大蔵省の税関の立場から、海上でも密貿易の取締をやることになっております。治安維持のために水上警察が、これは沿岸或いは港におきます警察事務をやっておったわけであります。農林省は大体漁業法に基く密漁の取締の仕事、或いは船で入って来る動植物の検査等をやっております。それから厚生省が船で入って来る検疫の仕事を港でやっております。大体これか従来海上におきます各行政庁がやっておった仕事でございます。おのおの現地に機関も持ち、或いは施設も持っておったわけでありますが、従来はこれにプラスしまして海軍がございまして、いざという場合には海上におきましてはいつでも海軍に援助を求めますと、海軍が応援するということになっておったのであります。

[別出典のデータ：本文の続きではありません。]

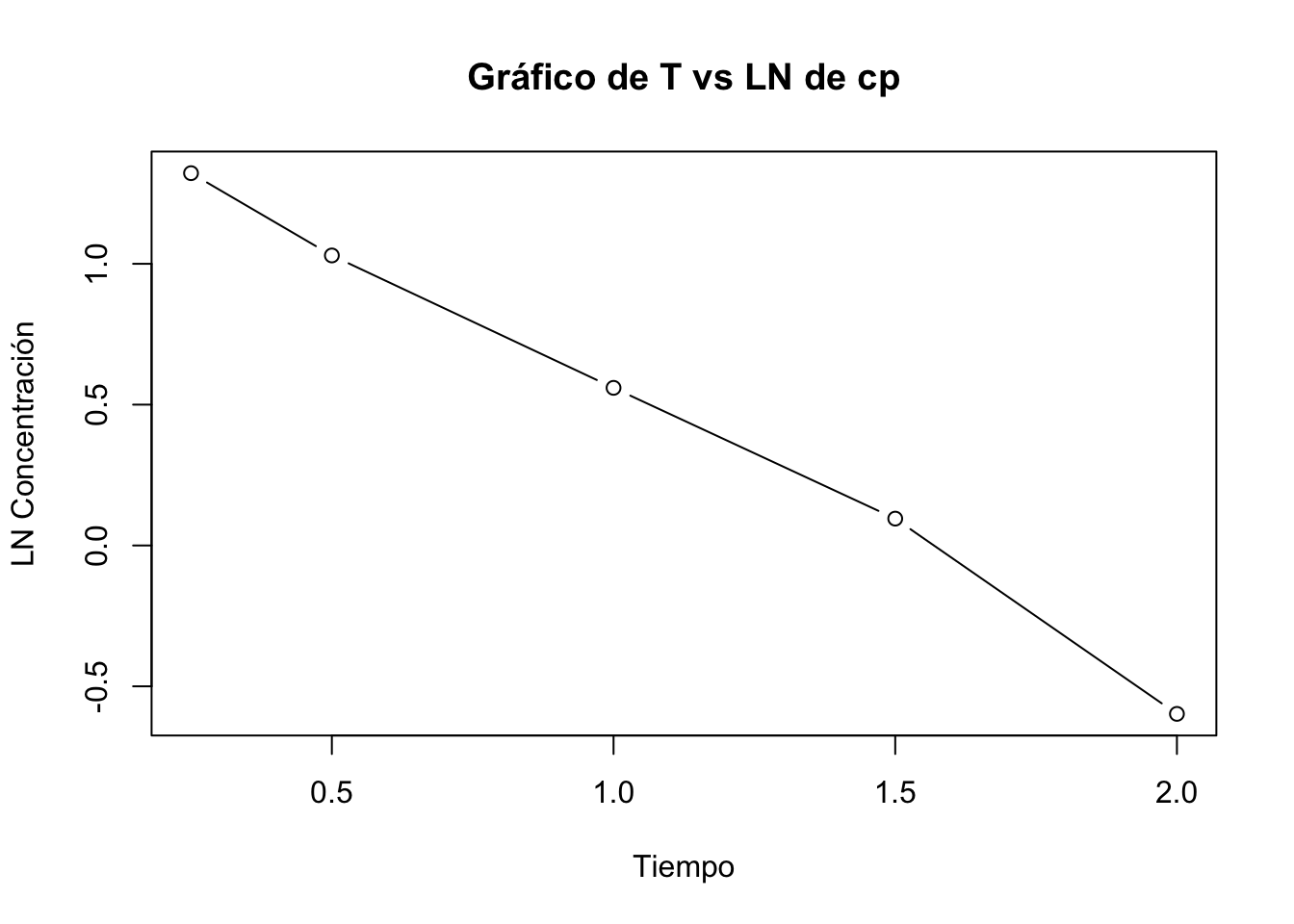 Ejercicio 2.4 En un estudio de biodisponibilidad se ensayan dos formas farmaceúticas, una solución para administración intravenosa de 300 mg y un comprimido de 500 mg. Después del análisis de los resultados obtenidos para la vía parenteral, se llega a la conclusión de que estos se ajustan a un modelo monocompatimental cuya ecuación es:

ところが終戦によりまして海軍がなくなりまして、そこに大きな穴ができまして、而も従来海軍に依存しておりましたために、おのおの皆貧弱な施設で、到底それでは海上の治安が保てないというような状況でありましたが、時たまたまそのときに終戦になりまして、朝鮮の人たちが一時朝鮮に引揚げたのでございますが、朝鮮の情勢が面白くないというようなことから又どしどし内地に密航を企てたわけであります。そのために密貿易の事件も非常に多くなって参りましたり、或いは又朝鮮にコレラが流行いたしまして、コレラが北九州或いは中国の裏の方に蔓延したというような非常に憂慮すべき状態になって参りました。
遂に連合軍におきましても昭和21年の6月12日に、コレラ船の取締、密貿易の取締を日本政府でやるべしという指令が出ております。このときに各省集まりましていろいろ考えましたが、やはりこれを取締るためには別々の組織と機関を持ってやったんでは非常に不経済不合理でありますので、綜合的にやった方がよろしいということになりまして、運輸省海運総局の中に、不法入国船監視本部というものができたのであります。九州の海運局に不法入国監視部というものができまして、これが取敢えず海運局で持っておりまする船14~15艘而もこれはパフボートで余り外に出る能力はございませんが、応急措置といたしまして、これらの船を動員する外、少し傭船等もやりまして、現在九州の海運局を中心にしまして活動をやっているわけであります。
ところがこれではながく広い海域におきます取締は決して十分ではありません、いろいろ連合軍と相談をいたしました結果、昭和22年の4月22日に向うから再び指令が出まして、今まで第二復員局が持っておりました特務駆潜及び特務掃海艇を38隻この海運総局のため引渡す、これによって今指令をしたコレラ船及び密貿易その他海上における海難の救助、いろいろこういう仕事をやれという指令が来たのであります。勿論これは必要なるときにはいつでも連合軍に引渡すという条件は附いてございますが現実に今まで殆んど私の方で仕事をやっております。